HLH is a condition in which the body makes too many activated macrophages and lymphocytes. People with HLH usually develop systemic symptoms, which may include fever, enlarged liver or spleen, cytopenias (decreased number of blood cells), and neurological abnormalities. HLH may either be inherited or acquired. The acquired causes of HLH include infection, medications that suppress the immune system, autoimmune diseases, immunodeficiencies, certain types of cancer and/or metabolic diseases. Interestingly, HLH can rarely result from an inappropriate immune response to the Epstein-Barr virus or another viral illness.
The clinical features of HLH include:
- Enlarged liver and/or spleen
- Skin rash
- Lymph node enlargement
- Breathing problems
- Easy bruising and/or abnormal bleeding
- Kidney abnormalities
- Heart problems
- Increased risk for certain cancers (leukaemia, lymphoma)
Many people with this condition also develop neurologic abnormalities. The neurological symptoms vary but may include irritability, fatigue, abnormal muscle tone, seizures, neck stiffness, mental status changes, ataxia, blindness, paralysis, and/or coma.
In acquired HLH, it is often necessary to treat the underlying condition. Antibiotics or antiviral medications are used to treat or prevent infections that may have triggered the exaggerated immune response. People with HLH are usually treated with chemotherapy and/or immunotherapy to destroy excess immune cells which can lead to life-threatening inflammation.
Case 1: The first post-alemtuzumab case reported below was treated with intravenous corticosteroids and a molecular adsorbent recirculation system procedure, presumably to remove autoantibodies. Unfortunately, she died one month after the first hospital admission due to liver failure.
Case 2: In comparison, the second post-alemtuzumab case responded to oral corticosteroid treatment combined with 2 doses of rituximab. He did well and has remained in remission from an HLH perspective.

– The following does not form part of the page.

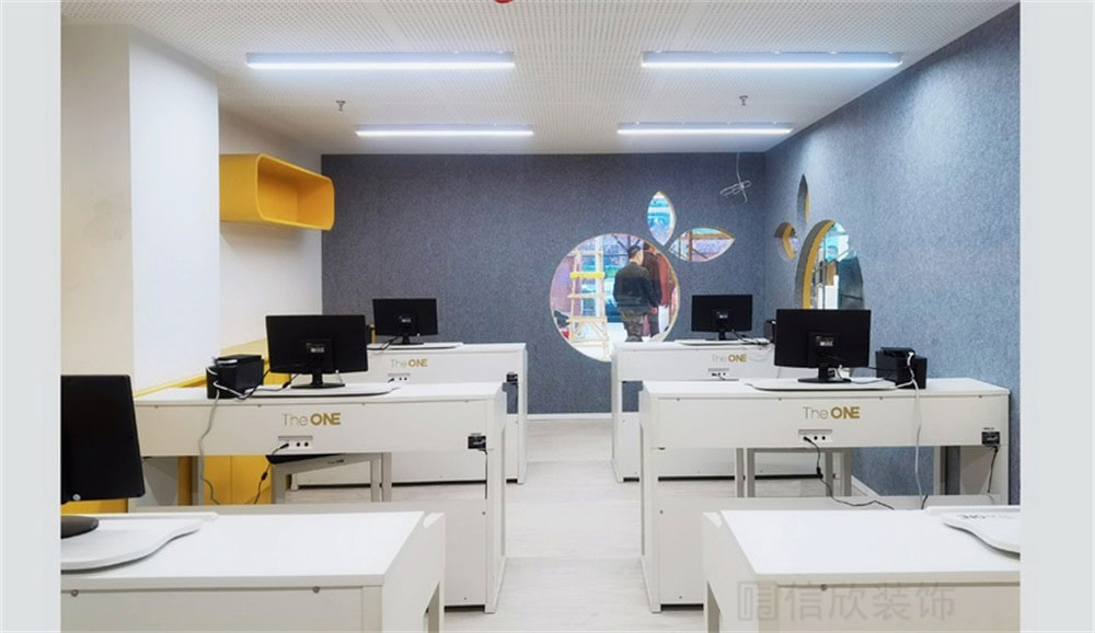 灰白色調為主題的大課室裝修設計,顏色簡單明了,個性鮮明,墻體的黃色造型和置物架;讓人在沉悶的學習中,注入了夏天的活力。

Although emapalumab (Gamifant), an anti-interferon-gamma antibody, is licensed as a treatment for refractory HLH, we are not aware of it being tried in the post-alemtuzumab setting and whether the pathogenesis of the condition post-alemtuzumab is similar to that of the congenital or acquired HLH in children.
Saarela et al. Hemophagocytic lymphohistiocytosis in 2 patients with multiple sclerosis treated with alemtuzumab. Neurology. 2018 May 1;90(18):849-851.